DATA EXTRACT:

=== Section Start ===

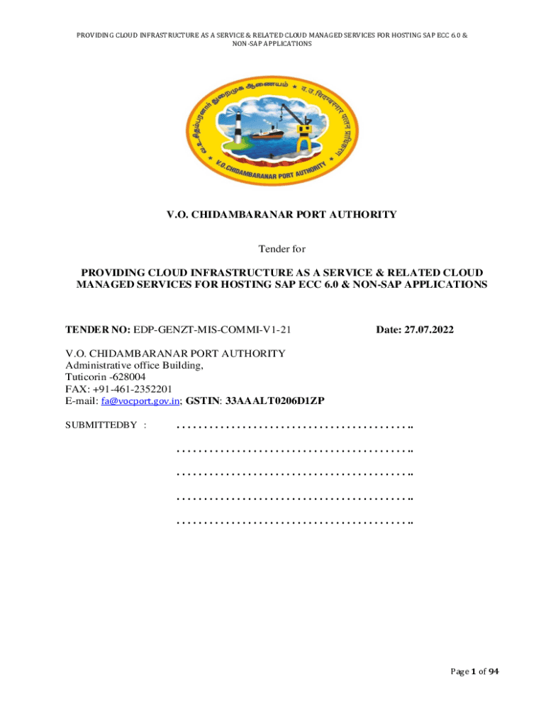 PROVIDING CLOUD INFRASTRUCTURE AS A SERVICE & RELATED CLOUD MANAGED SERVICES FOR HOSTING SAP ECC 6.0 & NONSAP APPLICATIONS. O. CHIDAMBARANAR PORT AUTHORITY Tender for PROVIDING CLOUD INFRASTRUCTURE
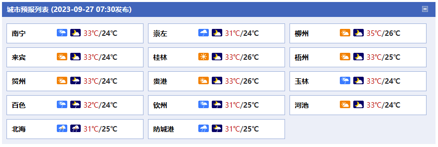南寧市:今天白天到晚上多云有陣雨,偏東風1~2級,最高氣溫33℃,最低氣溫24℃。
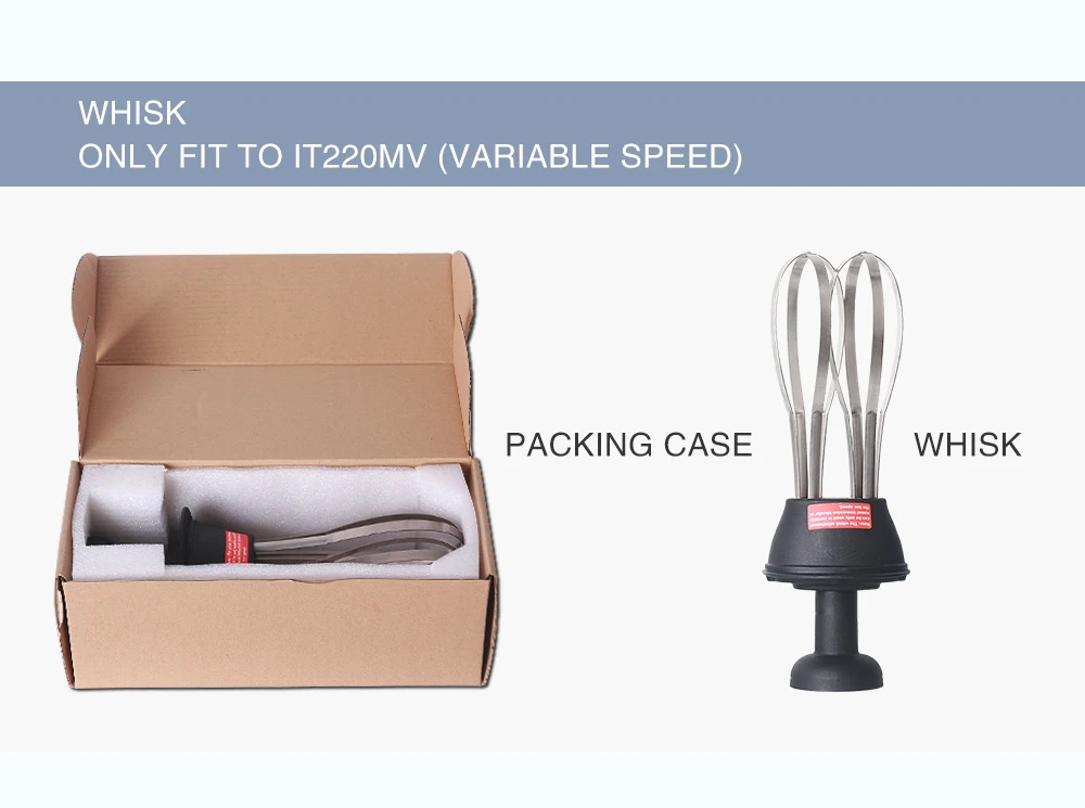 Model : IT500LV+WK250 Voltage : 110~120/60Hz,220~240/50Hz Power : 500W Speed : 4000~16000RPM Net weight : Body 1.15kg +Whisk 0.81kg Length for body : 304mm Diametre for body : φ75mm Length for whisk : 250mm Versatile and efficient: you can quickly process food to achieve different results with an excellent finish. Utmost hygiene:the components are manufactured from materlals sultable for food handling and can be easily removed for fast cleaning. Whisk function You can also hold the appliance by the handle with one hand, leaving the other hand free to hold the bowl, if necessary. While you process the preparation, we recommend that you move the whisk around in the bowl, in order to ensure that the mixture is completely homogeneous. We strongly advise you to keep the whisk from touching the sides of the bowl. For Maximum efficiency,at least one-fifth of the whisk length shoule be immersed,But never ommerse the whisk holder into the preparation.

=== Section End ===

Aside from its pictures, the listing must be given again in full, exactly as it appears.

 PROVIDING CLOUD INFRASTRUCTURE AS A SERVICE & RELATED CLOUD MANAGED SERVICES FOR HOSTING SAP ECC 6.0 & NONSAP APPLICATIONS. O. CHIDAMBARANAR PORT AUTHORITY Tender for PROVIDING CLOUD INFRASTRUCTURE
南寧市:今天白天到晚上多云有陣雨,偏東風1~2級,最高氣溫33℃,最低氣溫24℃。
 Model : IT500LV+WK250 Voltage : 110~120/60Hz,220~240/50Hz Power : 500W Speed : 4000~16000RPM Net weight : Body 1.15kg +Whisk 0.81kg Length for body : 304mm Diametre for body : φ75mm Length for whisk : 250mm Versatile and efficient: you can quickly process food to achieve different results with an excellent finish. Utmost hygiene:the components are manufactured from materlals sultable for food handling and can be easily removed for fast cleaning. Whisk function You can also hold the appliance by the handle with one hand, leaving the other hand free to hold the bowl, if necessary. While you process the preparation, we recommend that you move the whisk around in the bowl, in order to ensure that the mixture is completely homogeneous. We strongly advise you to keep the whisk from touching the sides of the bowl. For Maximum efficiency,at least one-fifth of the whisk length shoule be immersed,But never ommerse the whisk holder into the preparation.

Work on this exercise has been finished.